It’s fair to say that, as an abaqus user, you must have been living under a rock for several years now not to notice the progression of ‘general contact’ from its original home in the /Explicit into /Standard as well.
Indeed, as of the latest few releases, general contact is the recommended contact type in /Standard for all but a few remaining workflows. This is often convenient, as it takes a lot of the decision making around defining the interaction away from the user and the automatic choices made by the solver are very robust and tuneable.
It’s easy to think this approach to defining contact is ’general’, simply in the sense that one ‘ALL EXTERIOR’ option will do all the heavy lifting for you, allowing the user more time to drink coffee and worry about whether a material model is correct or not (possibly).
That somewhat misses the point though: general contact is not just ‘general’ in sense that the extent of the interactions between any body and any other body in your simulation is assessed and assigned automatically as the simulation progresses – it is also ‘general’ in the sense of the interaction types that can be captured between those bodies.
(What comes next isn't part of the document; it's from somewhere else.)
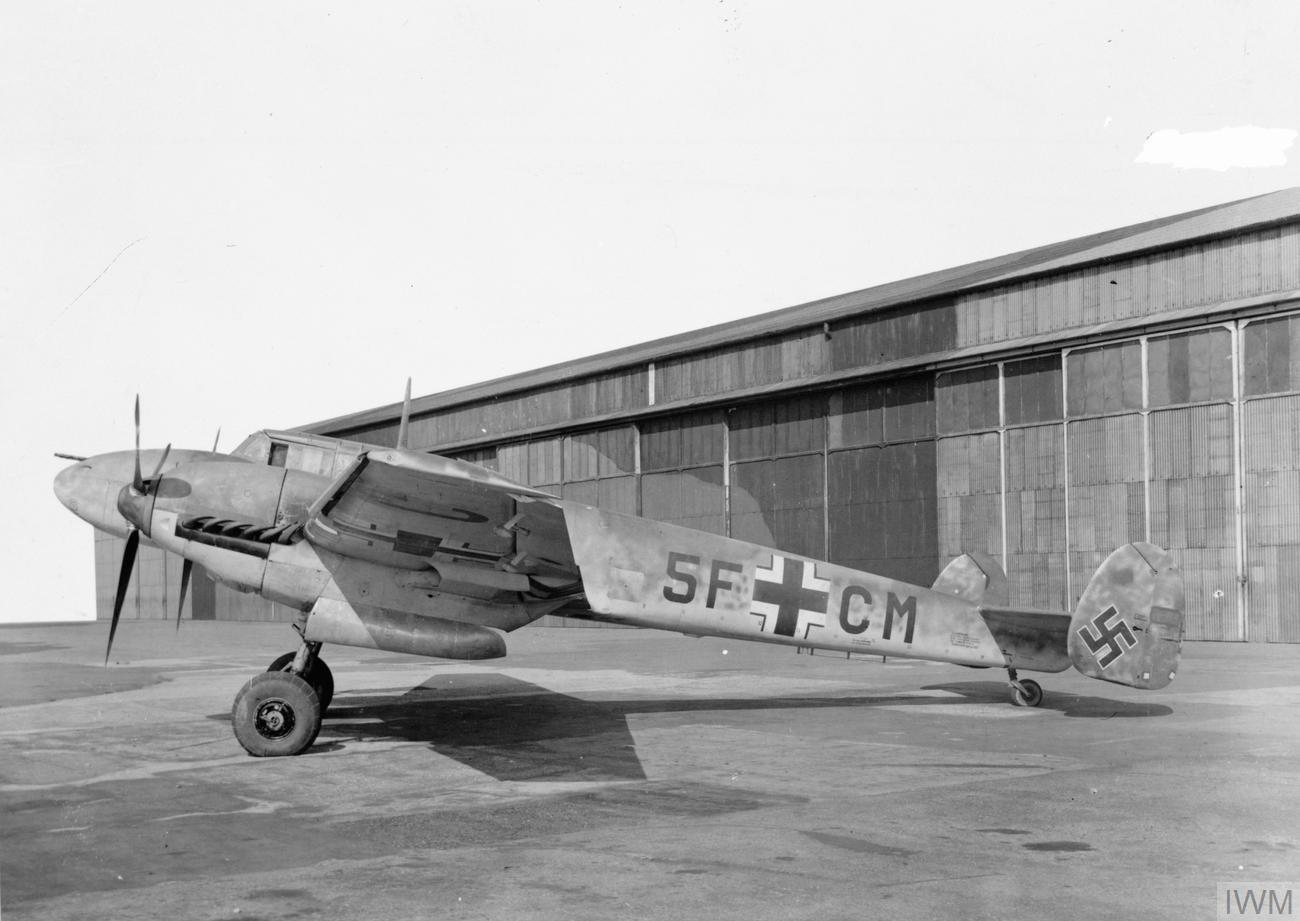 A captured German Messerschmitt Me 110 C-5 (W.Nr. 2177) of the reconnaissance unit 4.(F)/14 (5F+CM). This aircraft was shot down by the Red Section of No. 238 Squadron RAF on 21 July 1940 at Goodwood (UK). The pilot, Oblt. Friedrich Karl Runde managed to put it down in relatively good condition. It was repaired at Royal Aircraft Establishment at Farnborough with parts from Me 110 2N+EP of 9./ZG76 (Oblt. Gerhard Kadow) that was shot down near Wareham on 11 July 1940. It was flown for the first time again on 15 February 1941. Later it was tested at RAE Duxford, painted in RAF colours (RAF serial AX772). It was assigned to No. 1426 Squadron after the end of the trials. Stored in November 1945, it was scrapped in November 1947.

Consider the animation below of a coin spin. The model is clearly very simple mechanically and there is one general contact/ALL EXTERIOR definition needed to handle the interaction between any feature of the coin and the rigid plate it is spinning on.
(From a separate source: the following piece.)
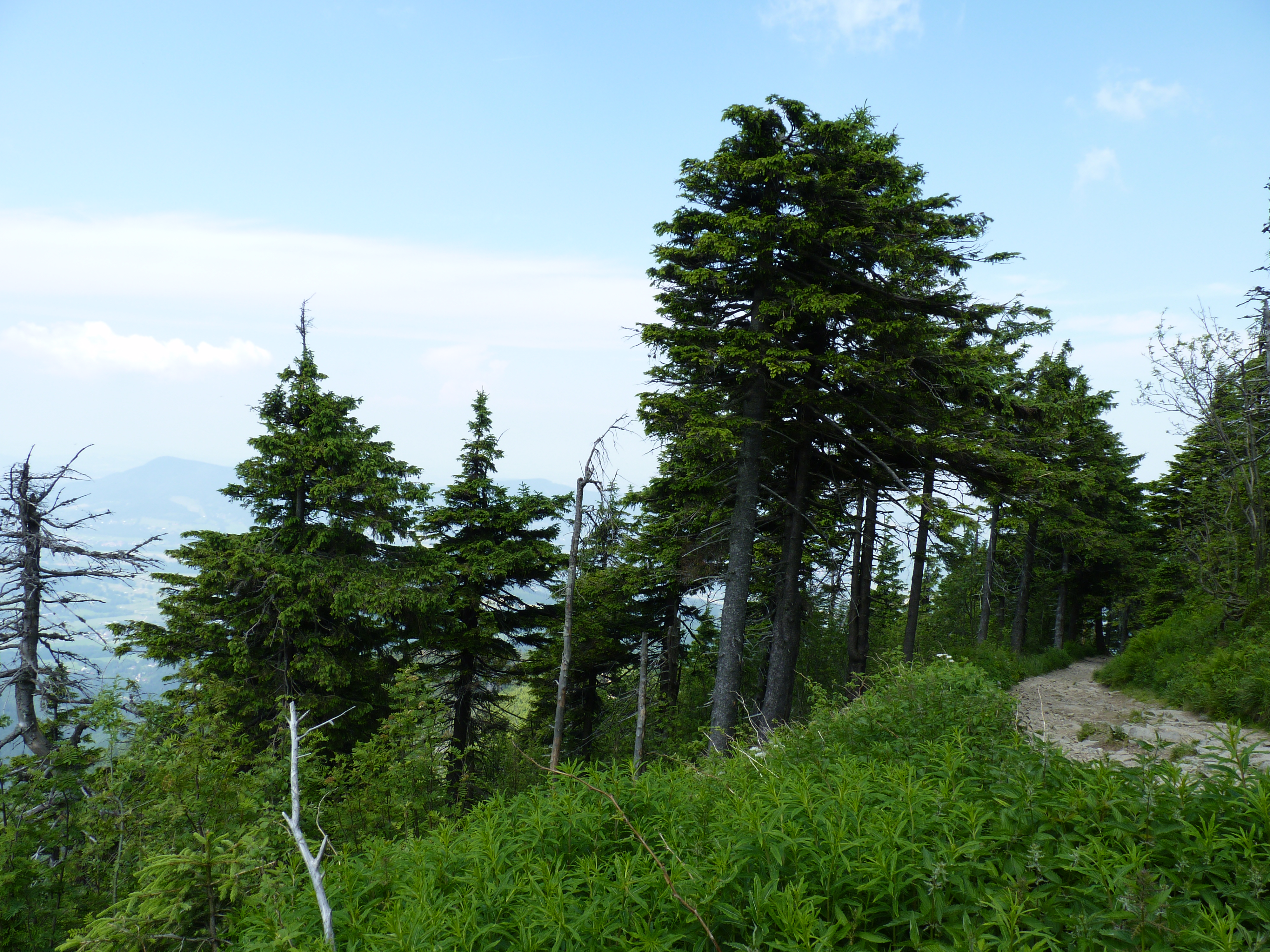 Moravian-Silesian Beskids, Czech Republic

But, I use ‘feature’ (not surface) advisedly in this case as, at times during the simulation, the following interaction types may occur AND we transition between them from one iteration to the next:
– Surface to surface
– Surface to edge
– Edge to edge
– Surface to vertex
Any contact discontinuity is hard to handle numerically, never mind all of these types and transitions… and with general contact it is all accounted for automatically and without the need for user intervention.
As such, I encourage everyone to at least give general contact a try in /Standard, but spare a thought for what’s actually happening ‘under the bonnet’ when you’re drinking coffee and worrying about whether that material model is correct with the time saved.